It was this fundamental aspect of the problem that was grasped by Mr. Marshall when he made his suggestion that America might assist in the rehabilitation of Europe if Europe would work out what was required. As the House knows, the Foreign Secretary immediately took up this suggestion and in association with the French Government convened the meeting at Paris. Unfortunately, a number of the Eastern European countries who had been invited did not see their way to go forward with the inquiry into the needs of Europe, but some 16 others did with the result that an official body, under the chairmanship of Sir Oliver Franks, worked out the conditions for the rehabilitation of those various countries in a remarkably short period of time and by the most intensive study. These were submitted to Mr. Marshall on 23rd September. Sir Oliver and his colleagues are now in Washington discussing the whole matter with the American Government.
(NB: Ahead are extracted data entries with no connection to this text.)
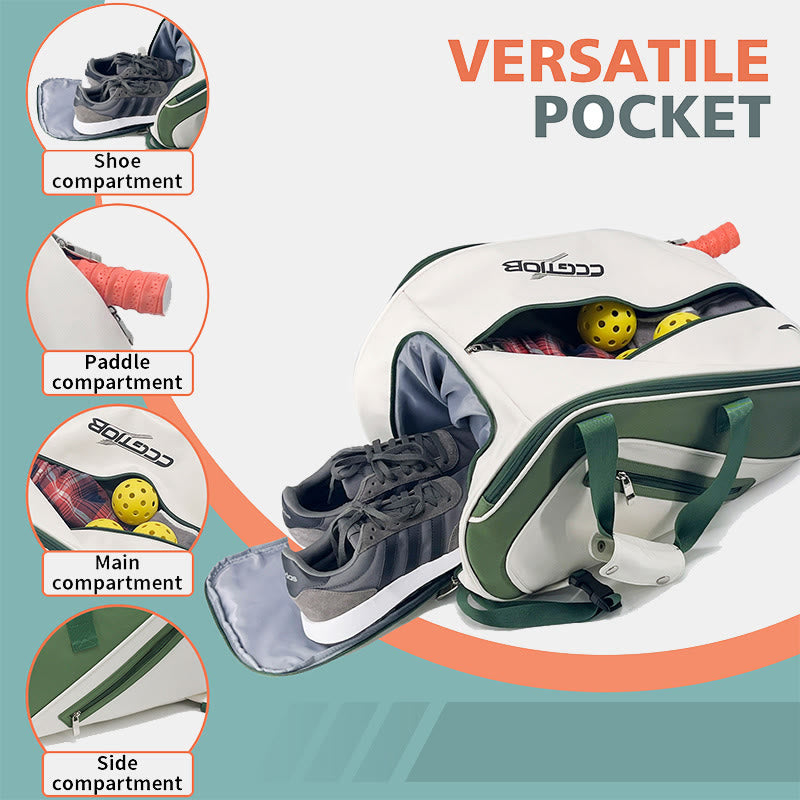 Interne Struktur: 1 Haupttasche, 1 Schlägerhüllentasche, 1 Seitentasche, 1 unteres Schuhfach
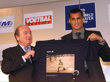 圖文:里瓦爾多榮獲1999年世界最佳球員稱號 2000年1月25日 07:20 ![]() ![]() ![]() 布魯塞爾1月24日消息:西班牙巴塞羅那隊(duì)的巴西前鋒里瓦爾多24日被評選為國際足聯(lián)1999年世界最佳球員 。 據(jù)新華社報道,里瓦爾多在有140個國家隊(duì)教練參加的投票評選中獲得勝利,并成為繼羅馬里奧(1994年)和 羅納爾多(1996和1997年)之后第三個贏得這一殊榮的巴西球員。 英格蘭中場球員貝克漢姆和阿根廷的巴蒂斯圖塔在這次投票中,分別名列第二和第三。 里瓦爾多1999年為巴西贏得美洲杯賽冠軍和為巴塞羅那隊(duì)奪得西班牙甲級聯(lián)賽冠軍作出了杰出的貢獻(xiàn)。他上月還 被評選為1999年歐洲最佳球員。 里瓦爾多還被《世界足球》雜志的讀者評選為1999年世界最佳球員。 中國女子足球隊(duì)隊(duì)長孫雯獲得了1999年女足最佳運(yùn)動員獎,并領(lǐng)取了1999年世界杯女子足球賽金靴獎。 |
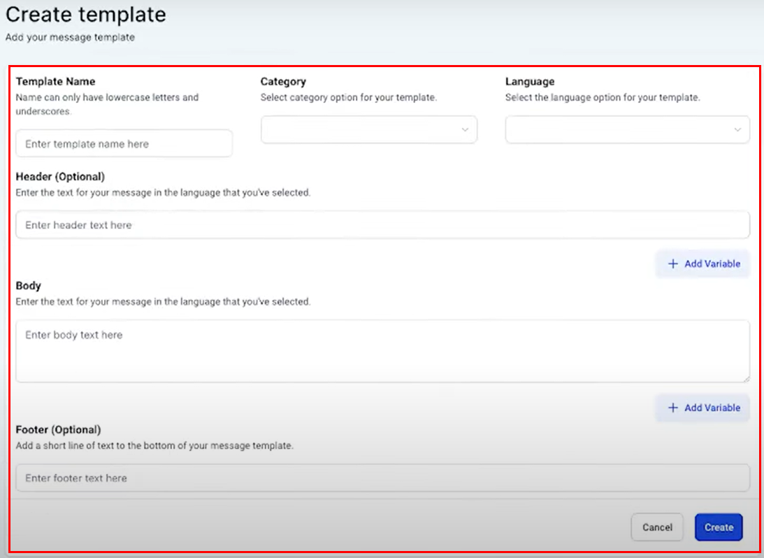 5. Add a header, body text, and footer to your template. You can incorporate custom variables (e.g., contact's first name) to personalize the message.
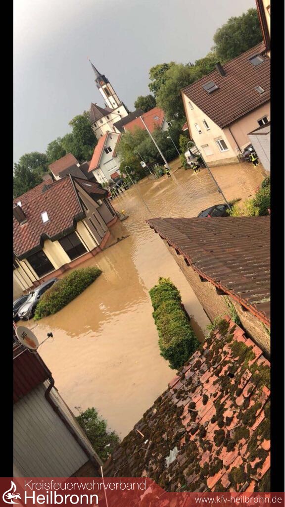 Um 17:18 kam die Meldung, dass auf einem Gartengrundstück an der Heilbronner Strasse eine Person von den Wassermassen in einem Gartenhaus eingeschlossen ist. Sofort wurden Einheiten an anderen Einsatzstellen abgezogen und dorthin beordert. Parallel erfolgte die Alarmierung des Rüstzuges der Feuerwehr Eppingen und Taucher der Berufsfeuerwehr machten sich auf den Weg. Nach kurzer Suche wurde die Frau gefunden und unversehrt gerettet.

I do not wish to make any comment on these discussions while they are proceeding except perhaps to say that they are the most momentous for the whole future of democratic civilisation in the world. It is true, perhaps, that democratic methods are comparatively slow moving sometimes, more slow moving than we should like to see them in such critical times for the world. But they are more sure and more stable in their results when once decisions have been reached. There is, nevertheless, the ever-present danger that continued difficulties and the lack of food and raw materials with its consequent tragic lowering of the living standards, may lead people, as we saw in Germany after the first world war, to adopt methods and to follow political creeds which are destructive of democracy and which accentuate those dangers of war against which we believe that a true democracy provides the greatest safeguard. It is in this broader setting of the whole future of world democracy that we must view these immediate economic problems.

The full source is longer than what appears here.